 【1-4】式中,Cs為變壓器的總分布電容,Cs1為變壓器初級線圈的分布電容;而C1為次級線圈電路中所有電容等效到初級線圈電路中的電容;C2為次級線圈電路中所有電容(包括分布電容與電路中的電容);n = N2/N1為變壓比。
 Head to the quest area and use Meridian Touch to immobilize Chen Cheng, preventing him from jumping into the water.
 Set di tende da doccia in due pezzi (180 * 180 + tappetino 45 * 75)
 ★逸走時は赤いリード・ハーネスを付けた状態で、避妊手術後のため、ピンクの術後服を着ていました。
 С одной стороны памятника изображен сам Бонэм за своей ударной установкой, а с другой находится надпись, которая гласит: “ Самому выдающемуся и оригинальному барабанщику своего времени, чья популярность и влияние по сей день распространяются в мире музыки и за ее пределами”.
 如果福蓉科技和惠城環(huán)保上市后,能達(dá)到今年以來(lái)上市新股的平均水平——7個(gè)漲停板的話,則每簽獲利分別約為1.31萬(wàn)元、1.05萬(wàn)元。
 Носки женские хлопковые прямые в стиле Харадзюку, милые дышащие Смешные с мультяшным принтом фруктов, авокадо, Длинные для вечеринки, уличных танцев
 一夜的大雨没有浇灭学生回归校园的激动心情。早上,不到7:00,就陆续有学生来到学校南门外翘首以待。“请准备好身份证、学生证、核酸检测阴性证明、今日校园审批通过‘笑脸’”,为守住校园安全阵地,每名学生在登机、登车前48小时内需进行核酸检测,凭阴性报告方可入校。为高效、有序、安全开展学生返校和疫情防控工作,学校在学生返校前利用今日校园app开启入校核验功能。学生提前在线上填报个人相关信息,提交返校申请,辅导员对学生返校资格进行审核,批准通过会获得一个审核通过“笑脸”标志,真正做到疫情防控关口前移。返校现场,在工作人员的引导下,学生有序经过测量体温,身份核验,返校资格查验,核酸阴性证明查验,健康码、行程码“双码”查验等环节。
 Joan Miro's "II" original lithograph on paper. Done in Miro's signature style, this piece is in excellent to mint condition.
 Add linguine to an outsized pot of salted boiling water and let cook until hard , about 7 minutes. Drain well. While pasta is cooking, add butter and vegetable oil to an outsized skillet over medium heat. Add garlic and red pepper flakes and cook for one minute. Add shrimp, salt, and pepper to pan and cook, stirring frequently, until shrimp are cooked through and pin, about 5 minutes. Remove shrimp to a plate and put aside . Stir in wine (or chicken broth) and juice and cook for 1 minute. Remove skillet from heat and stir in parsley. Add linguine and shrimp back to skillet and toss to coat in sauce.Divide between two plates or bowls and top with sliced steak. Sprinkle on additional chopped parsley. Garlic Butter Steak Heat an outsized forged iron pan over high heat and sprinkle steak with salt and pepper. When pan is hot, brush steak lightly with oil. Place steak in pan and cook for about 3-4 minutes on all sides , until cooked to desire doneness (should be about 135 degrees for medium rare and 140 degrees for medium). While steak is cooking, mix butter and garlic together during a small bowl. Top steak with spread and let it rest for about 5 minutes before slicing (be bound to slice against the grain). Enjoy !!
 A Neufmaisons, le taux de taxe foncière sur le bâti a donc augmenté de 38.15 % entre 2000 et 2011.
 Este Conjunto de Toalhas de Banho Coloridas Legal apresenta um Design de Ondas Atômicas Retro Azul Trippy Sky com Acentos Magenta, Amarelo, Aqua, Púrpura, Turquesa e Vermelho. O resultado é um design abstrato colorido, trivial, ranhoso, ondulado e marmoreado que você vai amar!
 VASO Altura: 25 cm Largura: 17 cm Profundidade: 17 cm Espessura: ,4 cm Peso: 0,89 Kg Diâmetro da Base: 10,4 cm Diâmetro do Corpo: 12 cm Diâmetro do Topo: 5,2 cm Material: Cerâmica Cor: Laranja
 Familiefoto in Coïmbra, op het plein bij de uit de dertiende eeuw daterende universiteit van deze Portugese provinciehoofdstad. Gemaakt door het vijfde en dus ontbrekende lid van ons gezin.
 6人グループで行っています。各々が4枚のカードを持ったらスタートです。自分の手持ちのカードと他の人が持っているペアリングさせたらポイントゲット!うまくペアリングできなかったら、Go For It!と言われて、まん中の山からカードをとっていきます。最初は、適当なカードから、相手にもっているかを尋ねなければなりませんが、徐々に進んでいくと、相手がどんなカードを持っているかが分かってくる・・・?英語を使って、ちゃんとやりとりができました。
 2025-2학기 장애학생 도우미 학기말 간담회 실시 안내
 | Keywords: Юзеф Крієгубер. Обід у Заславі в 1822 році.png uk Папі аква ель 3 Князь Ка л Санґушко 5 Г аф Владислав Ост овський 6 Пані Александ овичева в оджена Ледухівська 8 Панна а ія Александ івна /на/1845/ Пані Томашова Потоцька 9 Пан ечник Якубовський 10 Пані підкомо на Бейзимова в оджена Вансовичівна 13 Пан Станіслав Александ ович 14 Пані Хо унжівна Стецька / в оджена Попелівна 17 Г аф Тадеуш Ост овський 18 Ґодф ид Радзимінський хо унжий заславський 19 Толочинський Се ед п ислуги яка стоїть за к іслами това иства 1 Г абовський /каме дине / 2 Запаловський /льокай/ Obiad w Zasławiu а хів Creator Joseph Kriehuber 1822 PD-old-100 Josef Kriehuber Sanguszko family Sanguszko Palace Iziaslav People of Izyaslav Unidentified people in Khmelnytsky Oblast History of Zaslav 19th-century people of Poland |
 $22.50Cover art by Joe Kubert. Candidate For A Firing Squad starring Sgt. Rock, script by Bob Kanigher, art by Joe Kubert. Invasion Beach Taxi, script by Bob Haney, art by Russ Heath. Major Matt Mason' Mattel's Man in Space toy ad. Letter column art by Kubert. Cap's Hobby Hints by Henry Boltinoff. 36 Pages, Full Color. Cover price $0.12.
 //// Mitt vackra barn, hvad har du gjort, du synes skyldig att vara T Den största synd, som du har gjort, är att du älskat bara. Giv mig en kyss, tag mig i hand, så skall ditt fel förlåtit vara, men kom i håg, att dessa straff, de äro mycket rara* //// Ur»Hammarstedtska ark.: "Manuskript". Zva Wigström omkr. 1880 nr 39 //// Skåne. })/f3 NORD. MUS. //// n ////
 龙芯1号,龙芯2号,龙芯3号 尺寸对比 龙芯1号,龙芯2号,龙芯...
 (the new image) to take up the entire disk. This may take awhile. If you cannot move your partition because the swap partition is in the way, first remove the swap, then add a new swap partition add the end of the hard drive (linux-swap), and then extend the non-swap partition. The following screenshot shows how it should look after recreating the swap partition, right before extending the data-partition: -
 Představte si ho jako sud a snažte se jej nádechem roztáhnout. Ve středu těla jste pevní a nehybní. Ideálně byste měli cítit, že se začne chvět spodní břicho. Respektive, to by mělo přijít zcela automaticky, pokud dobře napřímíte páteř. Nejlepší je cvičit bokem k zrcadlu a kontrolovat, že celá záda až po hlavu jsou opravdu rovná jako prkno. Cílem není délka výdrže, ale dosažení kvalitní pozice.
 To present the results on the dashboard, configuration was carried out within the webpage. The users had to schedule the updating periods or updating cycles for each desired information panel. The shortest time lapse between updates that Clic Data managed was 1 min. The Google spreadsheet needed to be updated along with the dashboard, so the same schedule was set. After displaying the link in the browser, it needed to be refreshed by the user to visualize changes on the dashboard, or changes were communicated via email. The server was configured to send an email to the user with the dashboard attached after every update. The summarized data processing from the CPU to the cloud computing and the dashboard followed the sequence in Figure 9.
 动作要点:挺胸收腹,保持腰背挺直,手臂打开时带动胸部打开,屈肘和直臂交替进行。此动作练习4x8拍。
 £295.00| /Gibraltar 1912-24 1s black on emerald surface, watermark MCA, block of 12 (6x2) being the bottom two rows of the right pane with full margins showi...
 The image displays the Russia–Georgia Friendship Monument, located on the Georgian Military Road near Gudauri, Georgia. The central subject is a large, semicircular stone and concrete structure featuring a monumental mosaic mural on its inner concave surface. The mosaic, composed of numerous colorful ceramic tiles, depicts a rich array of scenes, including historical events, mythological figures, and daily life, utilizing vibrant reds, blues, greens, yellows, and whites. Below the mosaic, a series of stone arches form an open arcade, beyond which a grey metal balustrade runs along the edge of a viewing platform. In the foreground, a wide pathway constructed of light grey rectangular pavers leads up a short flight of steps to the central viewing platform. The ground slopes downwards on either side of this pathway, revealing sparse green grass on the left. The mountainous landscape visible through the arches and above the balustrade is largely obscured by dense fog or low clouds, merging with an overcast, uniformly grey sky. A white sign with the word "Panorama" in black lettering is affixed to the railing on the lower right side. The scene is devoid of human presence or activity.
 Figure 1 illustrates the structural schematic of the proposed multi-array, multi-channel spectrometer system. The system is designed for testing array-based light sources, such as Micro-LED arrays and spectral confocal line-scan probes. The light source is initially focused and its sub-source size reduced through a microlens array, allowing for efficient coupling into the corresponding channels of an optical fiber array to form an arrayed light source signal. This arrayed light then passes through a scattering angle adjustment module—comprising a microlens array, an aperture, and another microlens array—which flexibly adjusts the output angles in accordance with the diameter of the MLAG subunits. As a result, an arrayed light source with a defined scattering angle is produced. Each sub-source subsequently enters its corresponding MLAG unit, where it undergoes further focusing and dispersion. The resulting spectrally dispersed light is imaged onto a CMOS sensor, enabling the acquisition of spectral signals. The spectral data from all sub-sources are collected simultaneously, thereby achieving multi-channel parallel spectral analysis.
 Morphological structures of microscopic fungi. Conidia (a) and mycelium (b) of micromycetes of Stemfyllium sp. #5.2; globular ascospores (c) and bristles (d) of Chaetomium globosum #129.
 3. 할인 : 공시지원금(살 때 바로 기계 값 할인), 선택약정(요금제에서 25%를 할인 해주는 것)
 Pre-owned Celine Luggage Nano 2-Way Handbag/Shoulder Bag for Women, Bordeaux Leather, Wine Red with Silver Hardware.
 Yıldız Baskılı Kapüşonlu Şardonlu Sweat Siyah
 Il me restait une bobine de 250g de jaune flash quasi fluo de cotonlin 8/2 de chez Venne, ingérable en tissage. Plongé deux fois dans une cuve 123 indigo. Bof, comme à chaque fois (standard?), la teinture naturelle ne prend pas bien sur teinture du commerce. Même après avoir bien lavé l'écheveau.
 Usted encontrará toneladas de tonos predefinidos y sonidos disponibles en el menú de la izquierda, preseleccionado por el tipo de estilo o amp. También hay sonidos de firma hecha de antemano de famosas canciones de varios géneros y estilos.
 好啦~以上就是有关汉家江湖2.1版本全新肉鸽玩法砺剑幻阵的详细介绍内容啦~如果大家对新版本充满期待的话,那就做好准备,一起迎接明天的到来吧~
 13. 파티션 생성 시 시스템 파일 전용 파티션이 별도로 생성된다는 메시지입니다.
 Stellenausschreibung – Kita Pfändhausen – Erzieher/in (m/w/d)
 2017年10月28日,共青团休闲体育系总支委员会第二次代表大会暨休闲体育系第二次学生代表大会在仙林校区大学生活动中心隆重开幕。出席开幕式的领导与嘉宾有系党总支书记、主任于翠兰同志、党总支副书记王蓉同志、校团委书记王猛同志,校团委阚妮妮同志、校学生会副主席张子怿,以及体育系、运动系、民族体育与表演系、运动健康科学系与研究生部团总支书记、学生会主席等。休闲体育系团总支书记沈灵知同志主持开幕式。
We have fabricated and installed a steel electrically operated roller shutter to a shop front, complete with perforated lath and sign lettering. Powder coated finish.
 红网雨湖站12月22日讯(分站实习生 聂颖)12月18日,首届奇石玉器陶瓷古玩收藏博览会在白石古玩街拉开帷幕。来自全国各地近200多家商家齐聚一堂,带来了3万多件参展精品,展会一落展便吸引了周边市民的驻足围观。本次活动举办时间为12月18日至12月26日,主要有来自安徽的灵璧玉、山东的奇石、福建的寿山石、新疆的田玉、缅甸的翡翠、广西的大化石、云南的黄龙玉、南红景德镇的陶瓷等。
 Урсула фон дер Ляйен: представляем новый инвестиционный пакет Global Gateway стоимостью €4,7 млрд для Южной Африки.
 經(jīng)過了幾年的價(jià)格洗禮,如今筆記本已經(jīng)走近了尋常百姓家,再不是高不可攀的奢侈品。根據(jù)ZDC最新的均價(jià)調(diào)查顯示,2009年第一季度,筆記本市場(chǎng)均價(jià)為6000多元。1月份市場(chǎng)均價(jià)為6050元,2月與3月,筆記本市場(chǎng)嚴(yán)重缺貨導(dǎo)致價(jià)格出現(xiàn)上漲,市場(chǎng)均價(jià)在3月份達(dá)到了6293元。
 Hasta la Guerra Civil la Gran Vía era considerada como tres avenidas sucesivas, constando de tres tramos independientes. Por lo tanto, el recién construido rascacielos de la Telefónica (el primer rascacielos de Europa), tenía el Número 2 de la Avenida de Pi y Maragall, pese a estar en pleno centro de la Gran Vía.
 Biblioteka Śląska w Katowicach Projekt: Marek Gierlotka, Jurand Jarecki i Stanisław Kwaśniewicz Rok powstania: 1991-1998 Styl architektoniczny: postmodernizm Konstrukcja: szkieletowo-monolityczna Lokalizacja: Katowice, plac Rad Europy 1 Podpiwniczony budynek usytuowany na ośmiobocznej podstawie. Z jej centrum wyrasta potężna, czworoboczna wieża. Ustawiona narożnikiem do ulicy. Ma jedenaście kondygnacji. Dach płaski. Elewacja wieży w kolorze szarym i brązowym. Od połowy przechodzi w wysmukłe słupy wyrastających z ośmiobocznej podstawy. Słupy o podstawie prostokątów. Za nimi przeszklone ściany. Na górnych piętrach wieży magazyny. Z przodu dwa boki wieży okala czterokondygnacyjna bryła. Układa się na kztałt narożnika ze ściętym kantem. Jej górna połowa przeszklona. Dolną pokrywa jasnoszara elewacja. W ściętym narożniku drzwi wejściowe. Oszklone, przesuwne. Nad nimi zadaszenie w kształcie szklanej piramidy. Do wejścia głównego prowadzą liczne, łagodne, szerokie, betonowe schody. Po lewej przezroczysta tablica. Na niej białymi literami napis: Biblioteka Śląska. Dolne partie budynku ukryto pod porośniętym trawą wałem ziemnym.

▶ Exercise: Copy exactly the stretch of data above from the line with "Představte si ho" through the line with "full margins showi...", and omit all other lines.

▶ Output for this task:
 Představte si ho jako sud a snažte se jej nádechem roztáhnout. Ve středu těla jste pevní a nehybní. Ideálně byste měli cítit, že se začne chvět spodní břicho. Respektive, to by mělo přijít zcela automaticky, pokud dobře napřímíte páteř. Nejlepší je cvičit bokem k zrcadlu a kontrolovat, že celá záda až po hlavu jsou opravdu rovná jako prkno. Cílem není délka výdrže, ale dosažení kvalitní pozice.
 To present the results on the dashboard, configuration was carried out within the webpage. The users had to schedule the updating periods or updating cycles for each desired information panel. The shortest time lapse between updates that Clic Data managed was 1 min. The Google spreadsheet needed to be updated along with the dashboard, so the same schedule was set. After displaying the link in the browser, it needed to be refreshed by the user to visualize changes on the dashboard, or changes were communicated via email. The server was configured to send an email to the user with the dashboard attached after every update. The summarized data processing from the CPU to the cloud computing and the dashboard followed the sequence in Figure 9.
 动作要点:挺胸收腹,保持腰背挺直,手臂打开时带动胸部打开,屈肘和直臂交替进行。此动作练习4x8拍。
 £295.00| /Gibraltar 1912-24 1s black on emerald surface, watermark MCA, block of 12 (6x2) being the bottom two rows of the right pane with full margins showi...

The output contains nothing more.